Work required>
Each record that follows is to be duplicated exactly, though its pictures are not.

Information supplied>

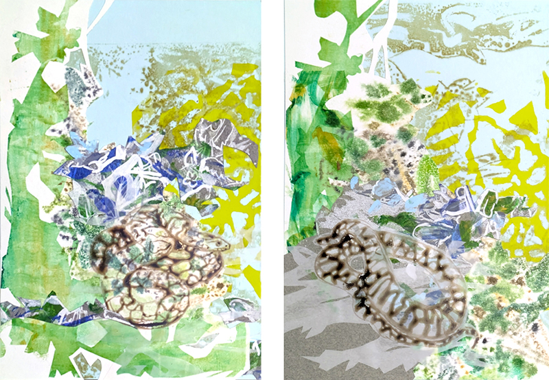 [Collage incl. Funori Screenprint with Matcha and Acrylics, Walnut Ink on Duralar, and Gouache on Cut, Toned Paper. ] each 6.25” x 9”
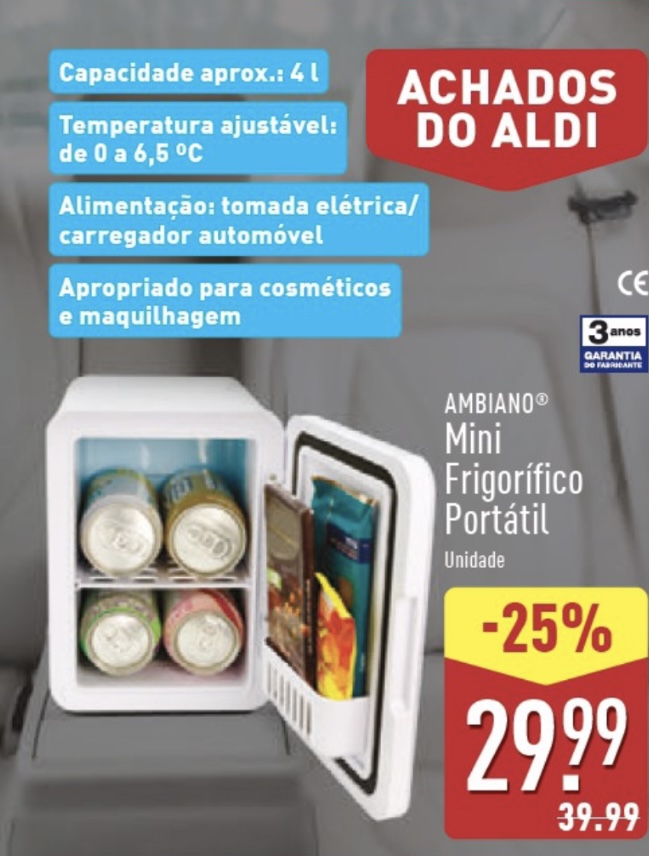 O Aldi vai colocar à venda em Portugal um mini frigorífico portátil da marca Ambiano. O equipamento, com capacidade aproximada de quatro litros, permite manter bebidas e alimentos a temperaturas reguláveis entre 0 e 6,5 graus Celsius. Compacto e portátil, adapta-se a diferentes contextos, como viagens e deslocações, bem como a espaços reduzidos, incluindo escritórios e caravanas.
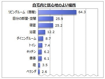 自宅内で居心地のよい場所は、「リビングルーム(居間)」が64.3%、「自分の部屋・空間」「寝室」が各3割弱、「浴室」が1割強となっています。「リビングルーム」は女性や高年代層、「自分の部屋・空間」は若年層で比率が高くなっています。男性20~40代では、「特にない」が10%台で他の層よりやや高くなっています。
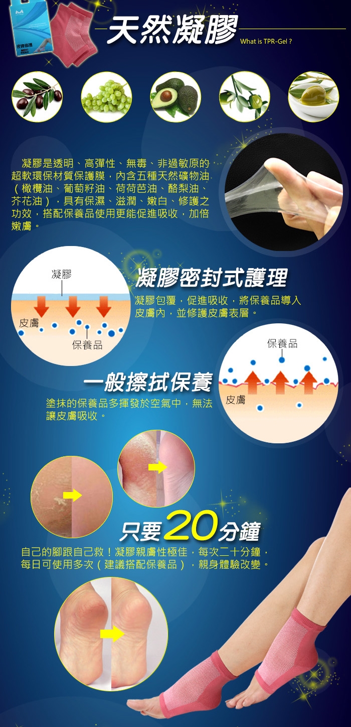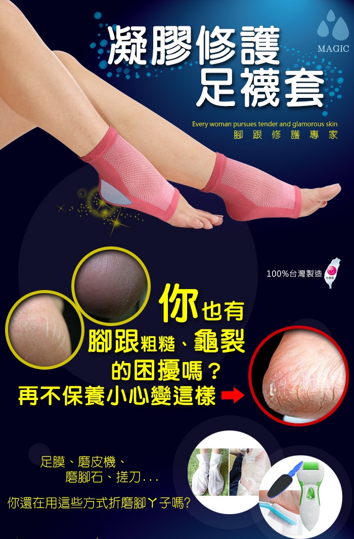 懶人保養法只要穿上隔天起床,讓您擁有鵝蛋般光滑#足跟,再也不怕穿鞋磨擦產生乾燥足.龜裂足,其實保養足跟很簡單,美麗的妳–快來一起使用保濕凝膠足膜–套上就擁有美足+美肌刻。
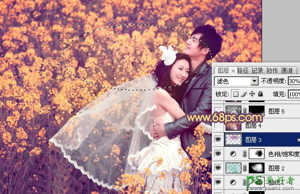 9、新建一个图层,用椭圆选框工具拉出下图所示的椭圆选区,羽化50个像素后填充暗紫色:#984696,混合模式改为“滤色”,不透明度改为:30%,效果如下图。
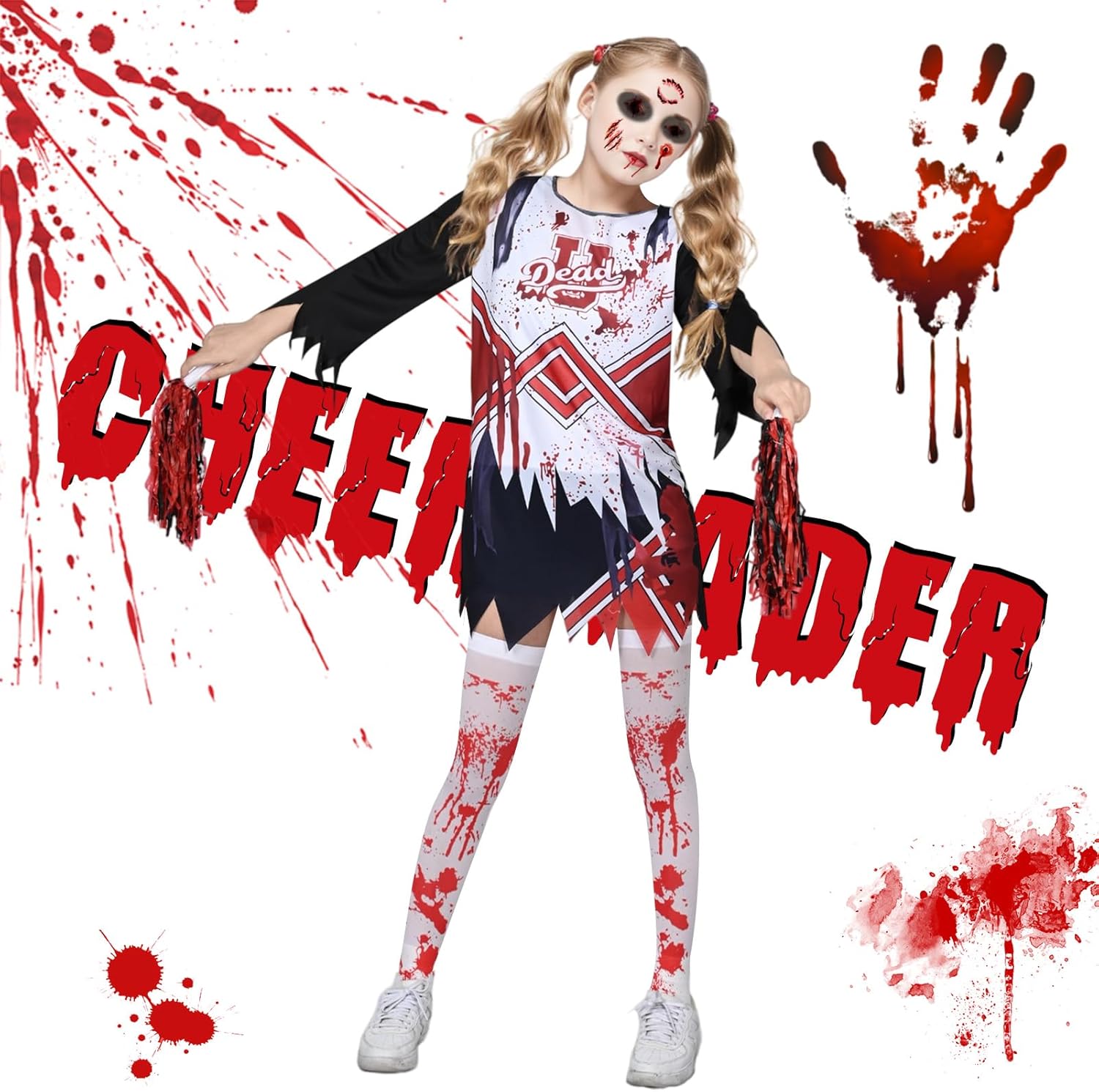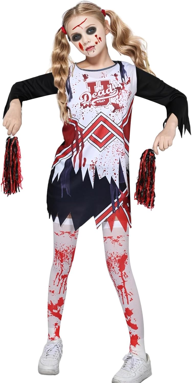 Descrizione prodotto Il set include: lo stile 1 include 1 maglietta, 1 gonna, 2 fiocchi, 2 pompon, 1 calzino, 2 accessori e 10 adesivi; Lo stile 2 include 1 maglietta, 1 gonna, 1 calze, 2 pompon, 2 accessori e 10 adesivi. Ideale per le cheerleader che amano lo stile horror. Avviso di sicurezza Pericolo di soffocamento: piccole parti, non per bambini sotto i 3 anni o persone che tendono a mettere in bocca oggetti non commestibili.
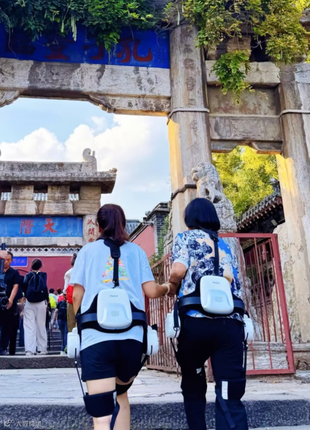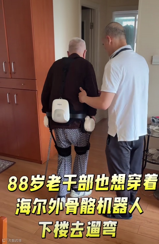 腿部力量衰退的老人穿戴轻便外骨骼,轻松上下楼梯、长时间散步,无需他人搀扶就能独立出行。
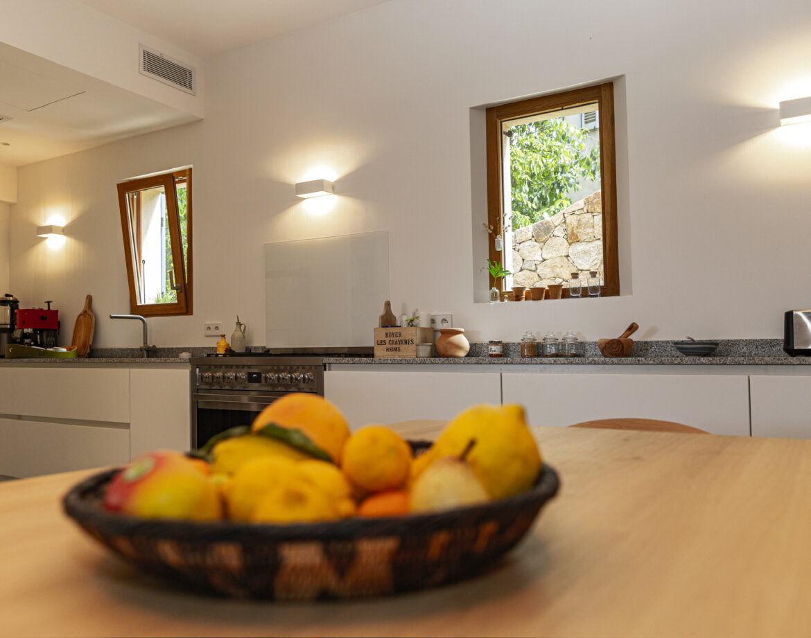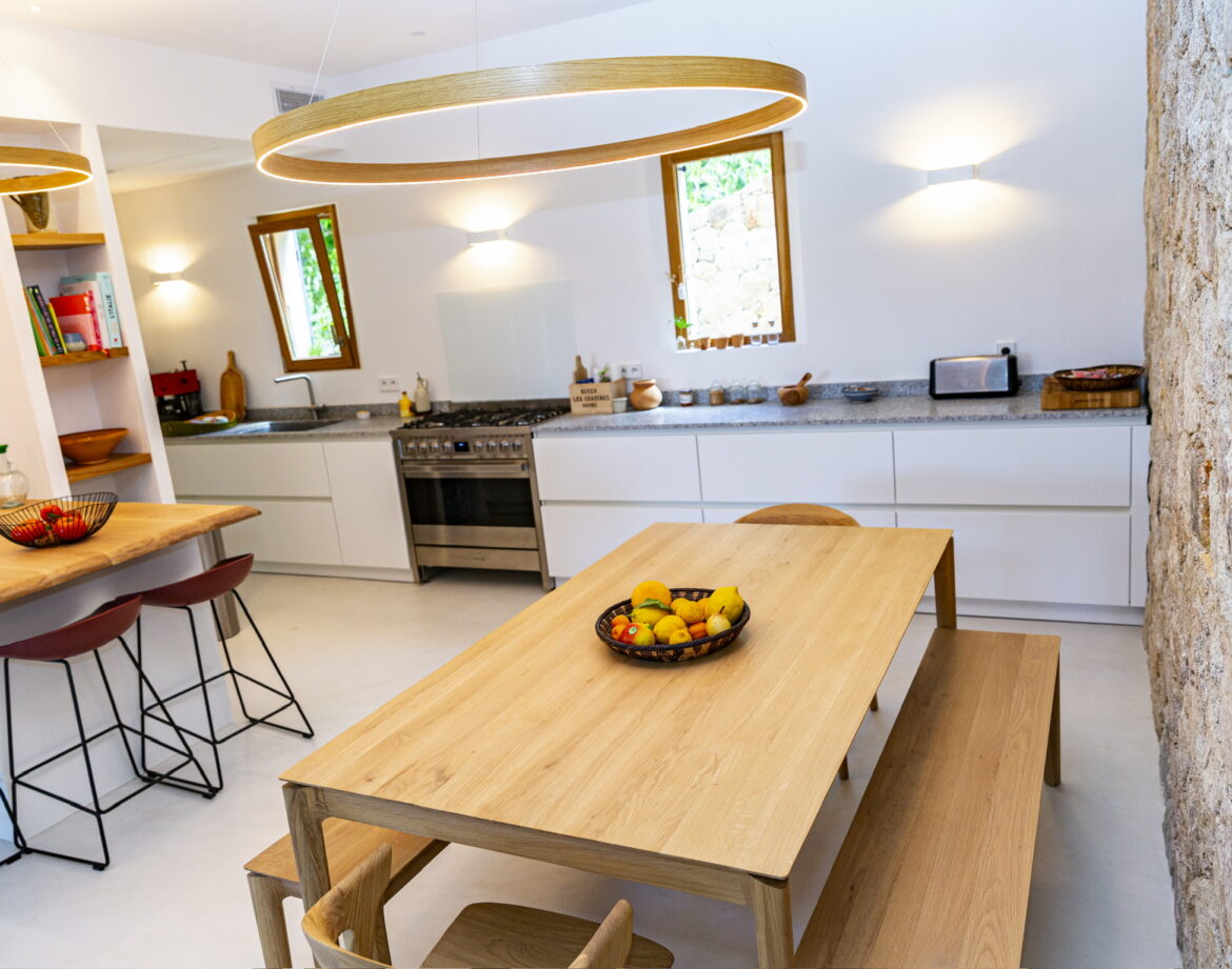 – la cuisine ouverte sur le salon/séjour, totalement équipée ( une grande table pour 10 à 12 convives, réfrigérateur/congélateur, piano de cuisson four et plaque à gaz, cafetière …)
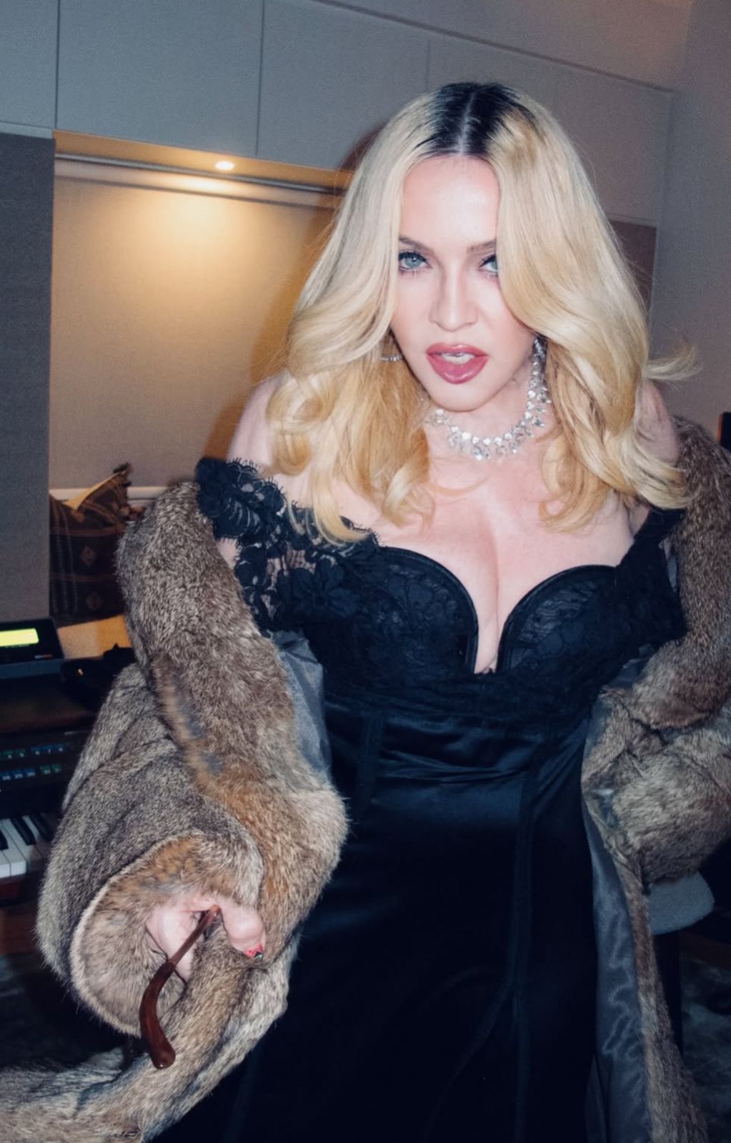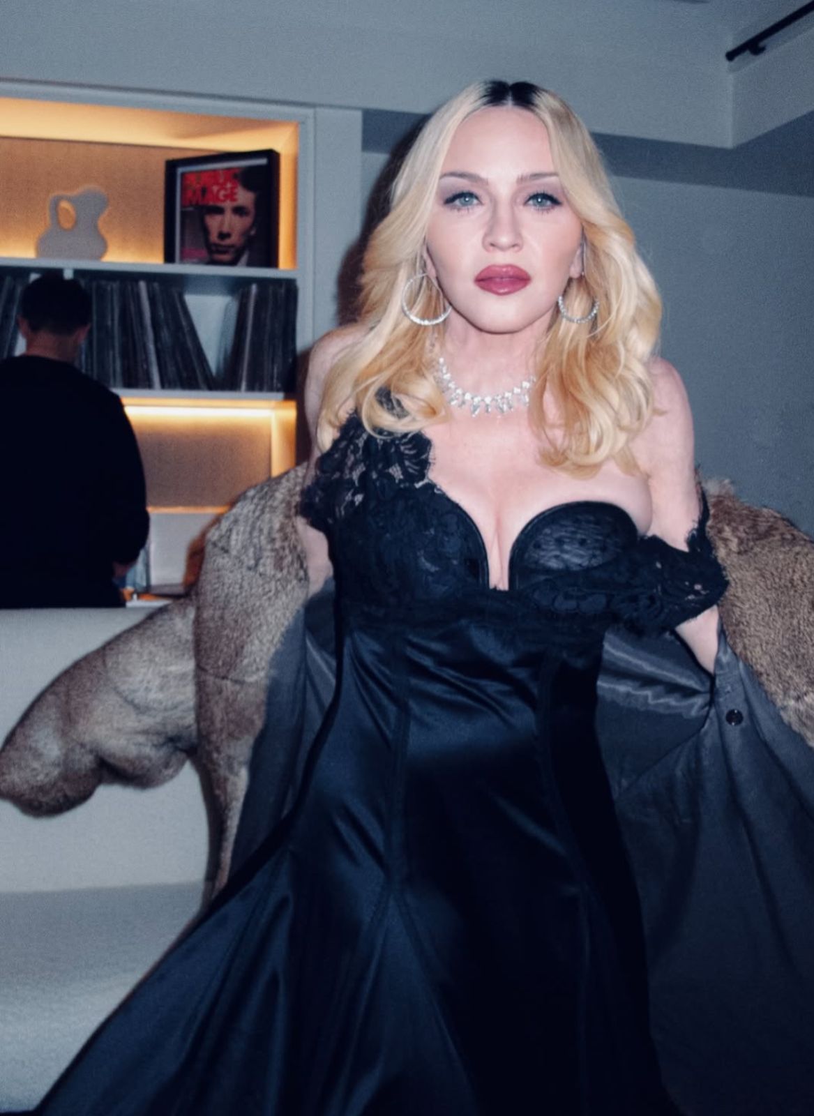 Madonna, de 67 anos, movimentou as redes sociais nesta terça-feira (25) ao compartilhar fotos inéditas usando um vestido preto com decote marcante. A cantora também apareceu com joias prateadas e um casaco de pele marrom, chamando atenção pela produção elegante.
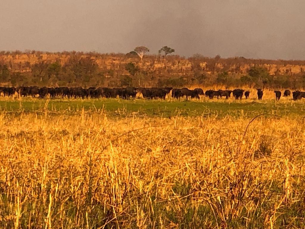 We stopped, crouched, and motioned for the rest to do the same. Both Steven and I had heard a sound – ox-peckers – a sure sign that we were close. We scanned the horizon and picked up a few buffalo ahead. They disappeared into the tree line about 300 meters in front. Game on! From this point forward, odds were slightly better as we potentially had a direction and idea of where they were. A short group discussion, and we carefully took positions and started the slow approach to where they could be resting. It was 10 a.m. and the sun was fierce, humidity was high and sweat drenched us. Steven’s back behind his water pack was soaking and my hand felt clammy against the comforting grip of my double.
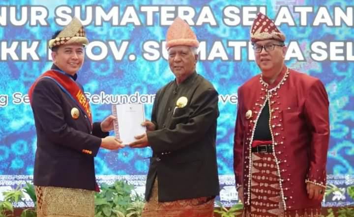 “Penganugerahan gelar adat ini merupakan bentuk rasa cinta, bangga dan bahagia dari seluruh masyarakat Kabupaten Muara Enim dalam menyambut kehadiran Pj. Gubernur Sumsel yang telah bergelar Meraje Emban Adat untuk memimpin Masyarakat Bumi Serasan Sekundang sekaligus sebagai kepala daerah di Provinsi Sumatera Selatan,” ungkapnya.

Response to the task>
 [Collage incl. Funori Screenprint with Matcha and Acrylics, Walnut Ink on Duralar, and Gouache on Cut, Toned Paper. ] each 6.25” x 9”
 O Aldi vai colocar à venda em Portugal um mini frigorífico portátil da marca Ambiano. O equipamento, com capacidade aproximada de quatro litros, permite manter bebidas e alimentos a temperaturas reguláveis entre 0 e 6,5 graus Celsius. Compacto e portátil, adapta-se a diferentes contextos, como viagens e deslocações, bem como a espaços reduzidos, incluindo escritórios e caravanas.
 自宅内で居心地のよい場所は、「リビングルーム(居間)」が64.3%、「自分の部屋・空間」「寝室」が各3割弱、「浴室」が1割強となっています。「リビングルーム」は女性や高年代層、「自分の部屋・空間」は若年層で比率が高くなっています。男性20~40代では、「特にない」が10%台で他の層よりやや高くなっています。
 懶人保養法只要穿上隔天起床,讓您擁有鵝蛋般光滑#足跟,再也不怕穿鞋磨擦產生乾燥足.龜裂足,其實保養足跟很簡單,美麗的妳–快來一起使用保濕凝膠足膜–套上就擁有美足+美肌刻。
 9、新建一个图层,用椭圆选框工具拉出下图所示的椭圆选区,羽化50个像素后填充暗紫色:#984696,混合模式改为“滤色”,不透明度改为:30%,效果如下图。
 Descrizione prodotto Il set include: lo stile 1 include 1 maglietta, 1 gonna, 2 fiocchi, 2 pompon, 1 calzino, 2 accessori e 10 adesivi; Lo stile 2 include 1 maglietta, 1 gonna, 1 calze, 2 pompon, 2 accessori e 10 adesivi. Ideale per le cheerleader che amano lo stile horror. Avviso di sicurezza Pericolo di soffocamento: piccole parti, non per bambini sotto i 3 anni o persone che tendono a mettere in bocca oggetti non commestibili.
 腿部力量衰退的老人穿戴轻便外骨骼,轻松上下楼梯、长时间散步,无需他人搀扶就能独立出行。
 – la cuisine ouverte sur le salon/séjour, totalement équipée ( une grande table pour 10 à 12 convives, réfrigérateur/congélateur, piano de cuisson four et plaque à gaz, cafetière …)
 Madonna, de 67 anos, movimentou as redes sociais nesta terça-feira (25) ao compartilhar fotos inéditas usando um vestido preto com decote marcante. A cantora também apareceu com joias prateadas e um casaco de pele marrom, chamando atenção pela produção elegante.
 We stopped, crouched, and motioned for the rest to do the same. Both Steven and I had heard a sound – ox-peckers – a sure sign that we were close. We scanned the horizon and picked up a few buffalo ahead. They disappeared into the tree line about 300 meters in front. Game on! From this point forward, odds were slightly better as we potentially had a direction and idea of where they were. A short group discussion, and we carefully took positions and started the slow approach to where they could be resting. It was 10 a.m. and the sun was fierce, humidity was high and sweat drenched us. Steven’s back behind his water pack was soaking and my hand felt clammy against the comforting grip of my double.
 “Penganugerahan gelar adat ini merupakan bentuk rasa cinta, bangga dan bahagia dari seluruh masyarakat Kabupaten Muara Enim dalam menyambut kehadiran Pj. Gubernur Sumsel yang telah bergelar Meraje Emban Adat untuk memimpin Masyarakat Bumi Serasan Sekundang sekaligus sebagai kepala daerah di Provinsi Sumatera Selatan,” ungkapnya.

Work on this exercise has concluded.